This episode is dedicated to the memory of all those whose lives were taken in the Sutherland Springs massacre, the survivors, and their families.
In this episode of the Trial Lawyer Nation podcast, Michael sits down with trial lawyer Jamal Alsaffar, who served as lead counsel representing the victims of the Sutherland Springs massacre vs. the United States Government, obtaining a $230,000,000 verdict.
They begin the episode with a look at Jamal’s background. Born and raised in Dallas, Texas, he moved to Austin to go to college, where he met his now wife and law partner. Today they are both partners at National Trial Law in Austin, Texas, along with Jamal’s mentor, Bill Whitehurst. Jamal has tried numerous personal injury cases involving medical malpractice and catastrophic injury but has found a rare specialty in Federal Tort Claims Act (FTCA) cases.

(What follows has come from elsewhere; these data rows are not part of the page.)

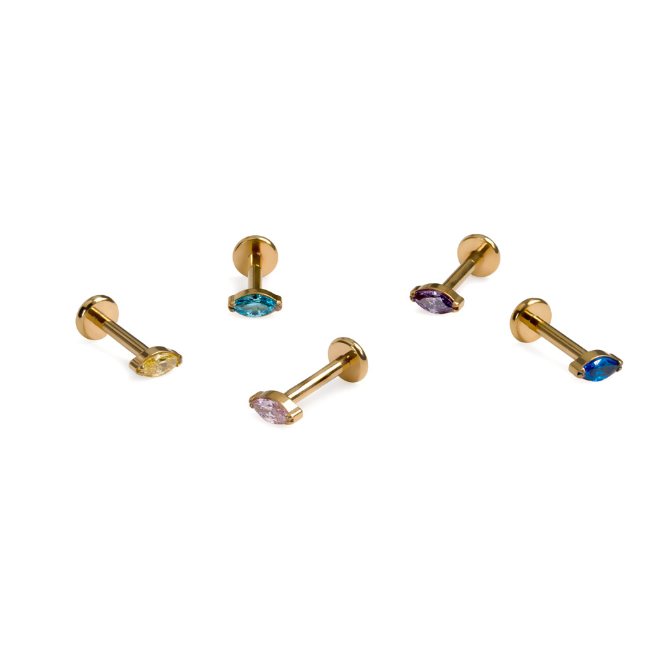 Markýzová kamínek dodává tomuto šperku rafinovaný detail, který se hodí do leckterého piercingu ucha. Je vyroben z titanu ASTM F136, takže je hypoalergenní, voděodolný a při správné péči vám vydrží celý život. Vnitřní závit zabraňuje podráždění pokožky a zajišťuje bezpečnost, takže se po nasazení nemusíte o nic víc starat.
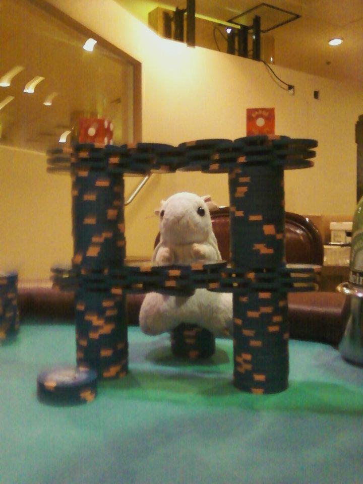 The female dealers all seemed to love the mouse. One dealer kept trying to deal my cards into the two-chip wide space in the structure. Omaha round… she gets three straight cards in the goal. Mandatory $1 tip for that.
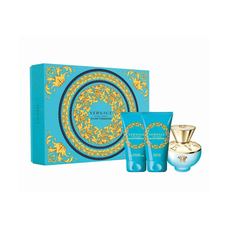 Versace Dylan Turquoise е вдъхновяващ аромат, който улавя духа на лятото с освежаващи цитрусови нотки и екзотична елегантност. Подаръчният комплект е идеален за всяка жена, която обича свежестта на морския бриз и тропическите градини.
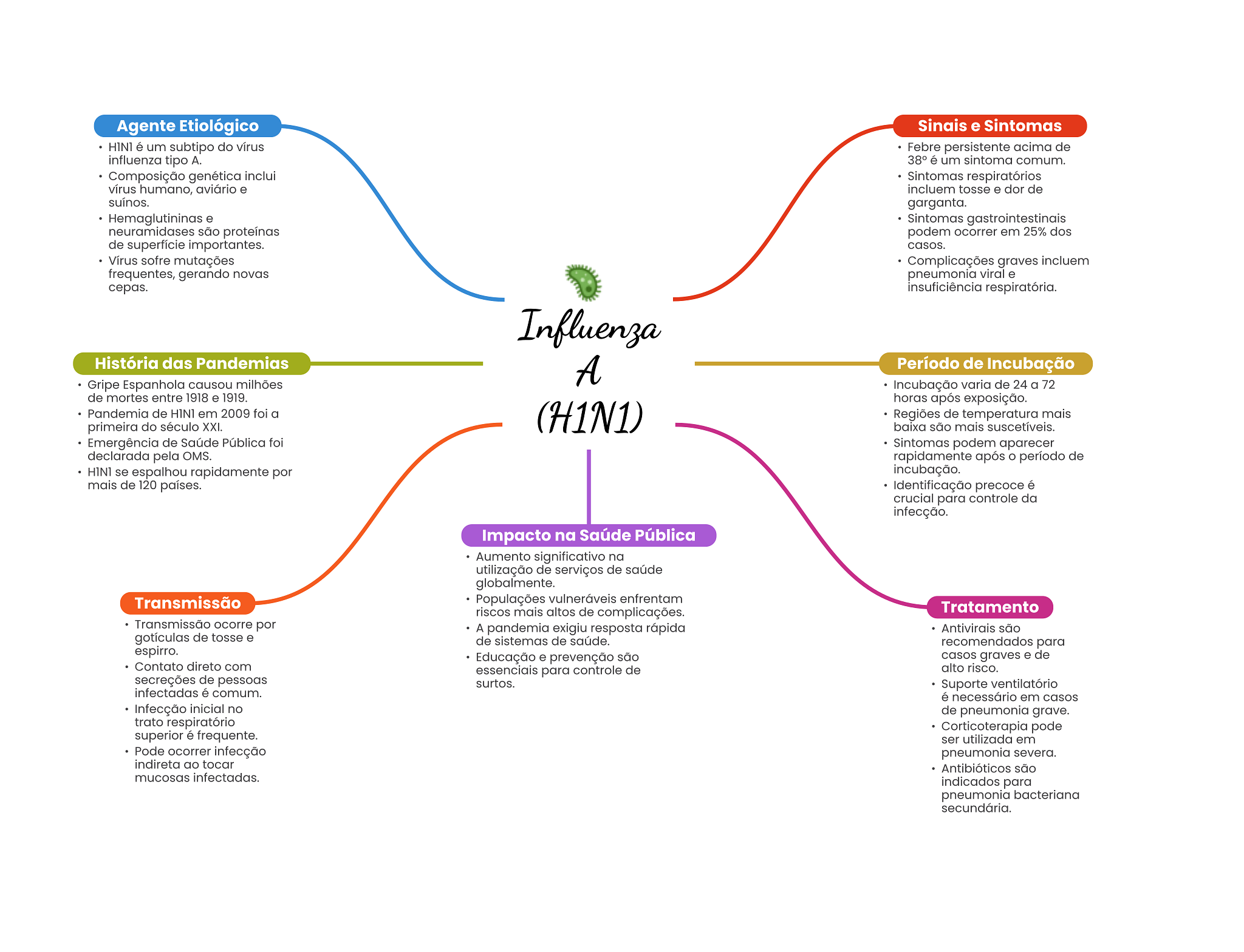 Agente Etiológico Sinais e Sintomas H1N1 é um subtipo do vírus Febre persistente acima de influenza tipo A. 38° é um sintoma comum. Composição genética inclui Sintomas respiratórios vírus humano, aviário e incluem tosse e dor de suínos. garganta. Hemaglutininas e Sintomas gastrointestinais neuramidases são proteínas podem ocorrer em 25% dos de superfície importantes. casos. Vírus sofre mutações Complicações graves incluem frequentes, gerando novas pneumonia viral e cepas. insuficiência respiratória. Influenza História das Pandemias A Período de Incubação Gripe Espanhola causou milhões Incubação varia de 24 a 72 de mortes entre 1918 e 1919. horas após exposição. Pandemia de em 2009 foi a primeira do século XXI. (H1N1) Regiões de temperatura mais baixa são mais suscetíveis. Emergência de Saúde Pública foi Sintomas podem aparecer declarada pela OMS. rapidamente após O período de se espalhou rapidamente por incubação. mais de 120 países. Identificação precoce é crucial para controle da infecção. Impacto na Saúde Pública Aumento significativo na utilização de serviços de saúde globalmente. Transmissão Populações vulneráveis enfrentam riscos mais altos de complicações. Tratamento Transmissão ocorre por A pandemia exigiu resposta rápida Antivirais são gotículas de tosse e de sistemas de saúde. recomendados para espirro. Educação e prevenção são casos graves e de Contato direto com essenciais para controle de alto risco. secreções de pessoas surtos. Suporte ventilatório infectadas é comum. é necessário em casos Infecção inicial no de pneumonia grave. trato respiratório Corticoterapia pode superior é frequente. ser utilizada em Pode ocorrer infecção pneumonia severa. indireta ao tocar Antibióticos são mucosas infectadas. indicados para pneumonia bacteriana secundária.

Michael then quickly asks Jamal how he got started in FTCA cases, as it is notoriously difficult to sue the federal government. He shares how his first FTCA case was a birth injury case at an Army hospital. Even though he had many hoops to jump through, he ended up obtaining a very favorable verdict and realized that military families weren’t receiving high level trial lawyer representation in their cases. From there, his practice spread, and now he tries FTCA cases all over the country.
As Jamal lists the many requirements to try FTCA cases, it’s clear why there are so few lawyers who specialize in them as they are fraught with land mines.
The tone shifts somber as Michael asks Jamal about what happened in the Sutherland Springs shooting. He describes how on November 5th, 2017, a former Air Force member walked into a small church in Sutherland Springs, Texas, where he opened fire. 26 members of the congregation were killed, and 22 were injured. While this man was in the Air Force, he was convicted of multiple felonies involving domestic violence and put in jail. Federal law requires that the agency who convicted him report the felony to the FBI’s background check system, but the Air Force did not. Because of this, the shooter was able to legally purchase firearms and ammunition at Academy Sports, which he used to commit mass murder.
Diving into the legal difficulty of a case like this, Michael asks Jamal what legal challenges he faced with holding the federal government liable on tort liability for someone failing to report criminal convictions. Jamal shares how they faced a 12(b)(6) motion to dismiss on this issue, and the government’s defense was they cannot be held liable for this failure to follow federal law. But as Jamal successfully retorted, of course they can.
As Jamal puts it, at the end of the day, they didn’t have an excuse for not reporting this felony. In fact, as they learned in discovery, this was not a one-time clerical error. There was a documented 30-year history of the federal government not reporting felonies to the FBI’s background check service on a massive scale. Various internal warnings noted between a 30-50% failure rate, which was even worse at the base the shooter was stationed at in New Mexico – where many employees didn’t even know they were required to report. This was clearly a systemic problem which had been going on for a very long time.
“What we found was a 30-year history of the federal government not reporting on a massive scale.” – Jamal Alsaffar
Michael asks if the government has since done anything to fix this problem, to which Jamal replies with two powerful examples:
- In the Air Force alone, there were over 5,000 unreported felons. As a result of this litigation, all 5,000 of those have now been reported.
- The entire system of reporting and checklist system has now been automated and modernized for every branch of the military. They now use the system Jamal’s expert recommended.
Reflecting on those successes is momentous – as trial lawyers, we often think about the good we’re doing for one family, but it’s so rare to have the opportunity to tangibly make the entire country a safer place.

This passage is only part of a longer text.